Market View
Markets have continued to chop sideways amidst a higher than anticipated inflation print and a reduction of expected Fed rate cuts this year. Less than three months ago, markets had priced in 6 rate cuts for 2024 via Fed Funds Futures that were anticipated to start in March. Now as we go to publish, the Fed Funds Futures market is pricing in less than 2 cuts in 2024, which are predicted to begin in September. Although reflation concerns and “higher for longer” rates are often regarded as transition catalysts to risk off environments, bitcoin (and risk assets more broadly) have actually continued to outperform.
Market sentiments around higher CPI prints have been primarily manifested in short term market movements that have recovered relatively quickly (see Table 1). None of the 3 preceding bitcoin downturns on CPI print have taken more than 24 hours to reclaim its pre-print prices. That is not to say we think the market is disregarding the risks of inflation. In fact, we believe that gold’s continued strength in reaching new weekly highs – breaking previous highs set last week – underlines the market’s repricing of inflation risk (as well as other sources of geopolitical uncertainty).
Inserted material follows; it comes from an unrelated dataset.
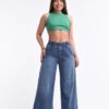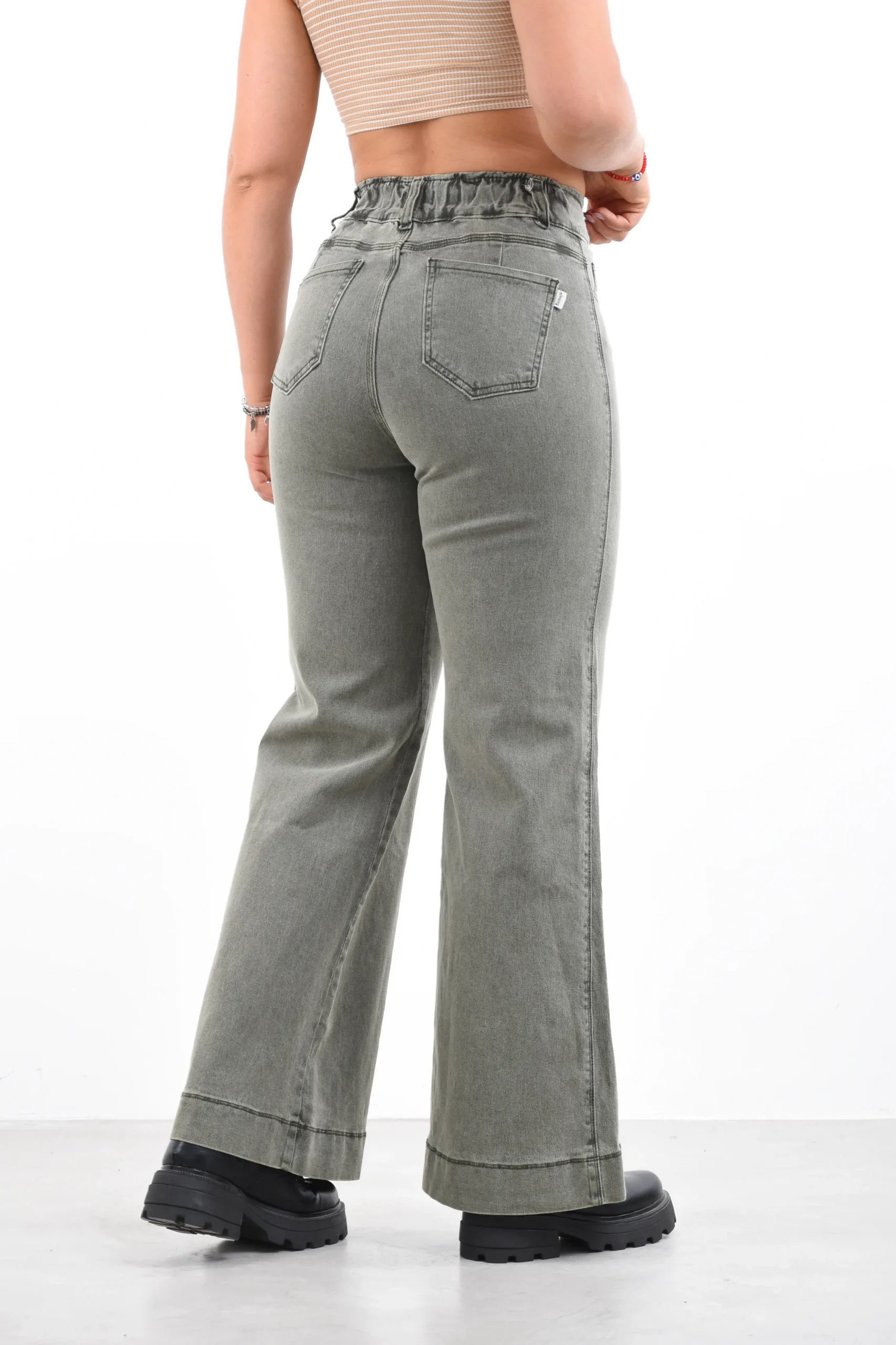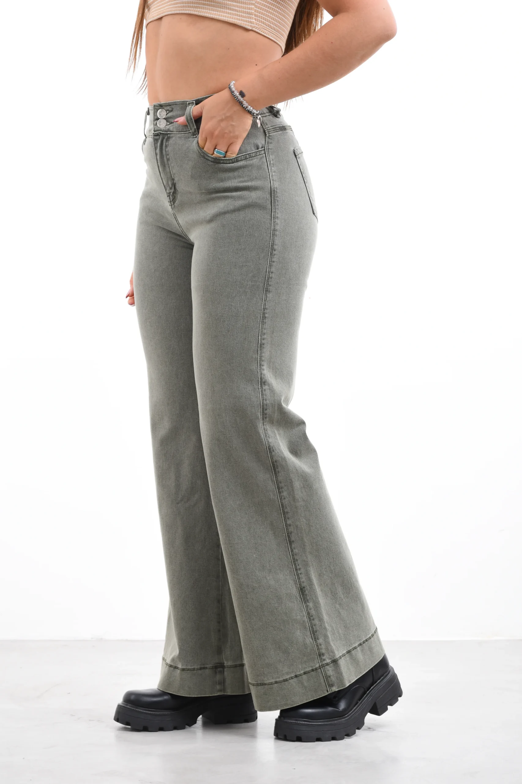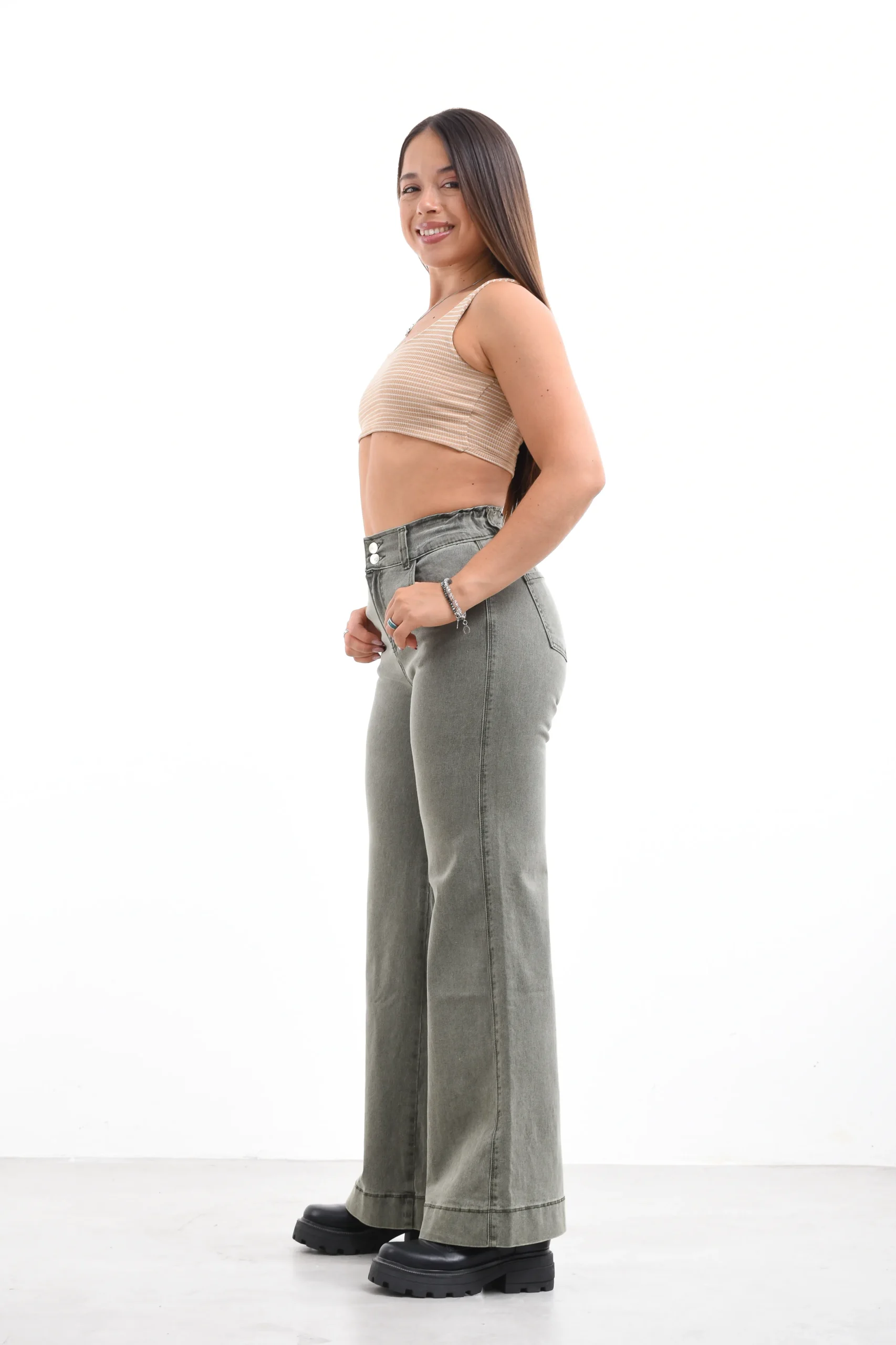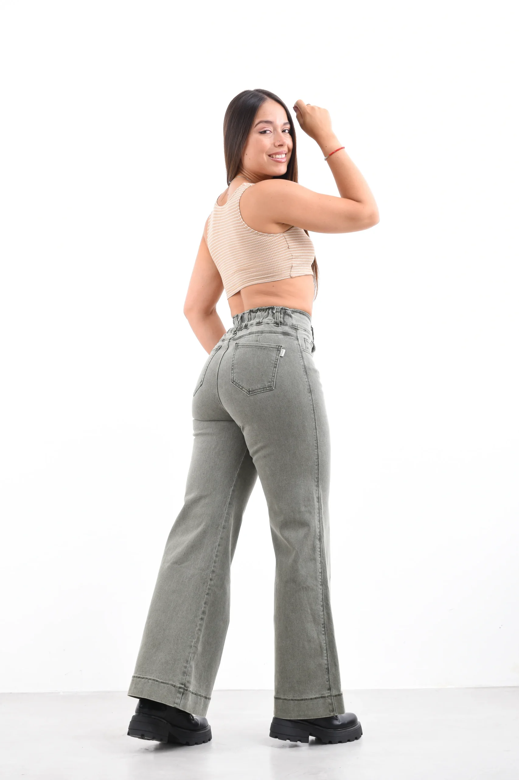 Jean Wide Leg en tono verde, este modelo de tiro alto cuenta con un cierre frontal de doble botón y una innovadora cintura trasera elastizada que se adapta perfectamente a tu figura.

We think that one part of bitcoin’s continued strength comes from the marginal impact to price that the global markets have on the asset class. That is, economic environments and outlooks beyond the US play a meaningful part in bitcoin’s overall price discovery. Despite bitcoin trading volumes and hourly price variance being the largest in US market hours, most of the net buying has actually occurred outside of the US trading day (see Chart 1). The potential approval of spot bitcoin ETFs in Hong Kong next week could accentuate this trend and enable BTC access to even broader pools of capital.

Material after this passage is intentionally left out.